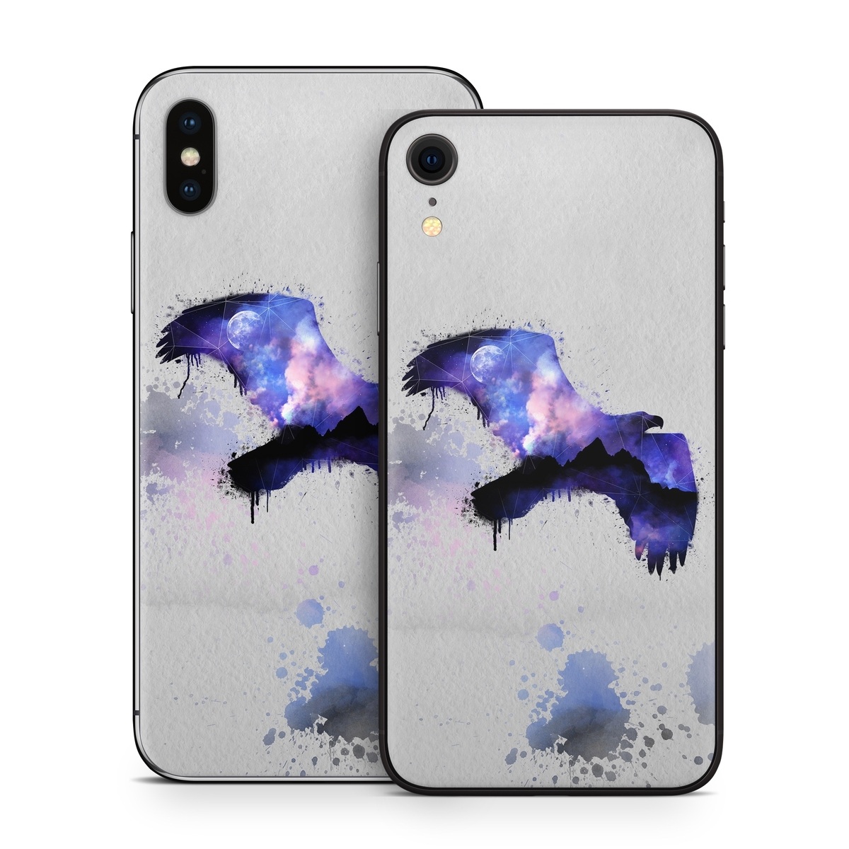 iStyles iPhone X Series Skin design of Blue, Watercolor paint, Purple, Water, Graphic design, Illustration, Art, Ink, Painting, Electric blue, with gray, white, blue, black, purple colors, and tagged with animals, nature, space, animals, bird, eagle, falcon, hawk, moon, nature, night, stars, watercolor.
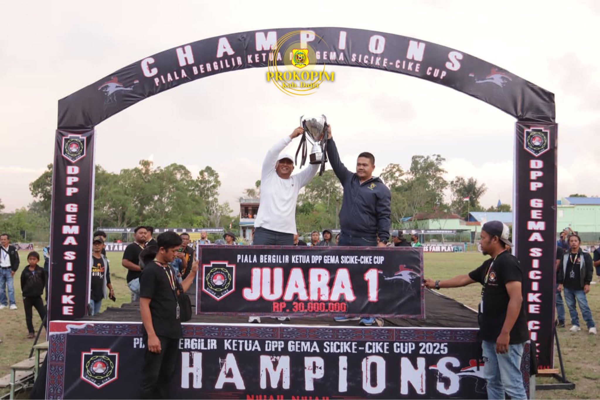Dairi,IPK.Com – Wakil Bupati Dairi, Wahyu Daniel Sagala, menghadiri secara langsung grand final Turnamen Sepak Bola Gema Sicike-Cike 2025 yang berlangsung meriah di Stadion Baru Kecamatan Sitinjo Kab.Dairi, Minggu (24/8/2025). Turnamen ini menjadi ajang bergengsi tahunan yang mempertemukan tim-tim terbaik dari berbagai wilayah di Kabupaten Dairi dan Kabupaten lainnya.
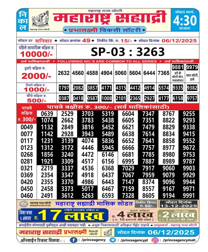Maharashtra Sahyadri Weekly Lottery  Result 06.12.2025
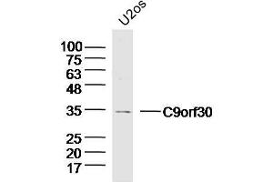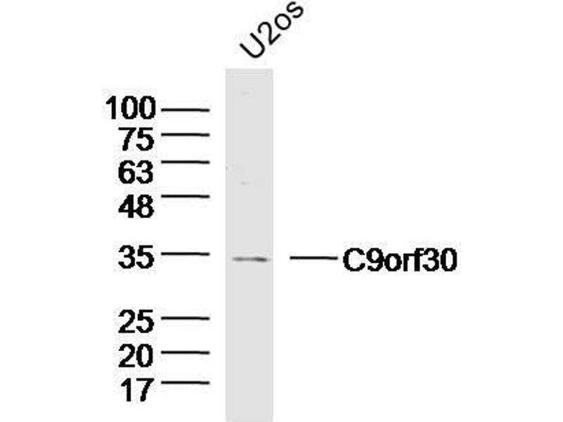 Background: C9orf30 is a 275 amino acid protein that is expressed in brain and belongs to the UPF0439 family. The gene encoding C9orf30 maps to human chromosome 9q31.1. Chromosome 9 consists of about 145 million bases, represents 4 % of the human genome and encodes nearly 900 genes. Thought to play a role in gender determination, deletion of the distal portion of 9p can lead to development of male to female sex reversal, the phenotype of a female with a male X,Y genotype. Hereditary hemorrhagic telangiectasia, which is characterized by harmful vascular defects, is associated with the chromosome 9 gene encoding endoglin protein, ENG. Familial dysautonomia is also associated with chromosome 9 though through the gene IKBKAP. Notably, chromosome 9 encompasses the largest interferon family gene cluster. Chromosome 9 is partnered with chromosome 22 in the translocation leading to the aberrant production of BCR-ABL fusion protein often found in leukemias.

********************

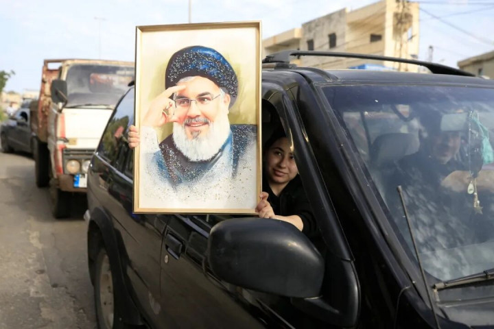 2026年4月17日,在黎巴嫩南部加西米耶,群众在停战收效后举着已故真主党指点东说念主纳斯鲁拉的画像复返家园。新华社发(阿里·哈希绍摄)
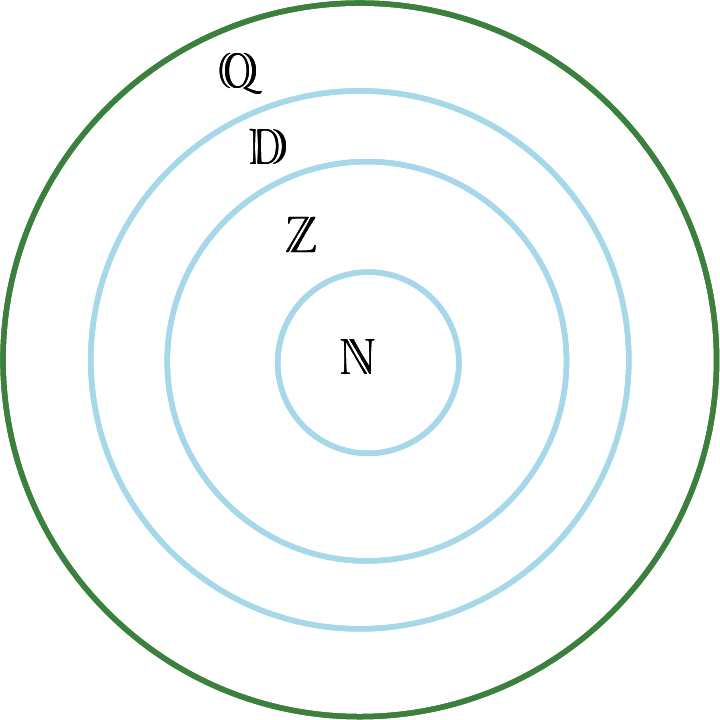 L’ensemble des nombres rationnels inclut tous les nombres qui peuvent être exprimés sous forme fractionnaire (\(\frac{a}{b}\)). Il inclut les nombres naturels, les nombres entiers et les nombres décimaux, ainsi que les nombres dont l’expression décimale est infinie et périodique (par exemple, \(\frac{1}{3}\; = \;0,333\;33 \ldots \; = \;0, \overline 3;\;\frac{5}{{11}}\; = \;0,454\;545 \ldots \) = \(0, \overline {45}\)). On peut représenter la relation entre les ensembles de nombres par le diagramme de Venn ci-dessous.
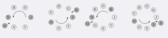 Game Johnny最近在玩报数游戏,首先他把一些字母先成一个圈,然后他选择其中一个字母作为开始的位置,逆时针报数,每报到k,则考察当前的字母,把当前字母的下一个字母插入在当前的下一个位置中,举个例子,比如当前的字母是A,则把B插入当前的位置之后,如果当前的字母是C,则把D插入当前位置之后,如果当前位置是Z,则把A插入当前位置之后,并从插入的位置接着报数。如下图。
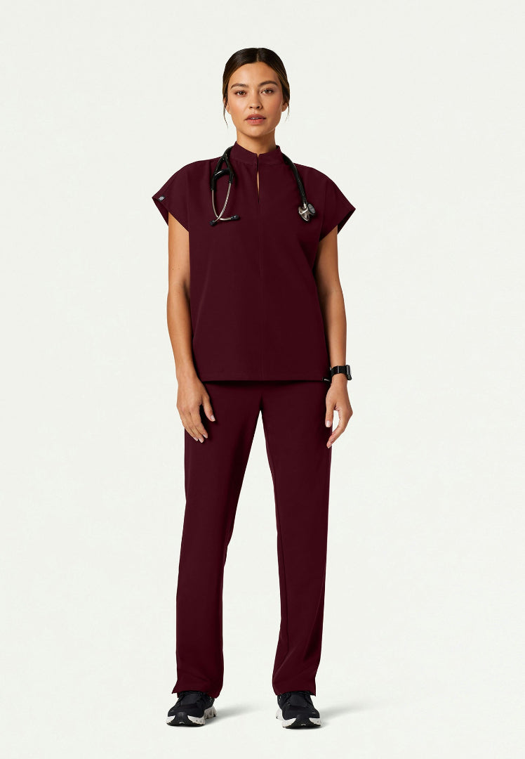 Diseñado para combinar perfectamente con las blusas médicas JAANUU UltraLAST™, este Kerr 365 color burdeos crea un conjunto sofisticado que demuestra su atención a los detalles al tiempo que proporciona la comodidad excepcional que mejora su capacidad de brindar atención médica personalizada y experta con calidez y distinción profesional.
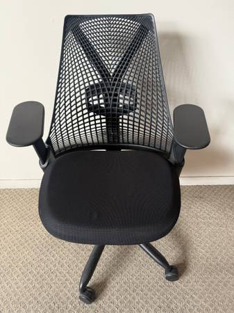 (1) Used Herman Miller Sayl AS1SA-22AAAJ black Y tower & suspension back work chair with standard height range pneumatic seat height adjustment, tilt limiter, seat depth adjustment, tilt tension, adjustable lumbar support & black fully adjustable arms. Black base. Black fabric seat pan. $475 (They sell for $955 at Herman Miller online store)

********************

_Task directions:_
Only one part of the material above is wanted: the lines from the one with "Dairi,IPK.Com – Wakil" up to and including the one with "Maharashtra Sahyadri Weekly". Please copy them exactly, pictures left out.

_Solution to this exercise:_
Dairi,IPK.Com – Wakil Bupati Dairi, Wahyu Daniel Sagala, menghadiri secara langsung grand final Turnamen Sepak Bola Gema Sicike-Cike 2025 yang berlangsung meriah di Stadion Baru Kecamatan Sitinjo Kab.Dairi, Minggu (24/8/2025). Turnamen ini menjadi ajang bergengsi tahunan yang mempertemukan tim-tim terbaik dari berbagai wilayah di Kabupaten Dairi dan Kabupaten lainnya.
Maharashtra Sahyadri Weekly Lottery  Result 06.12.2025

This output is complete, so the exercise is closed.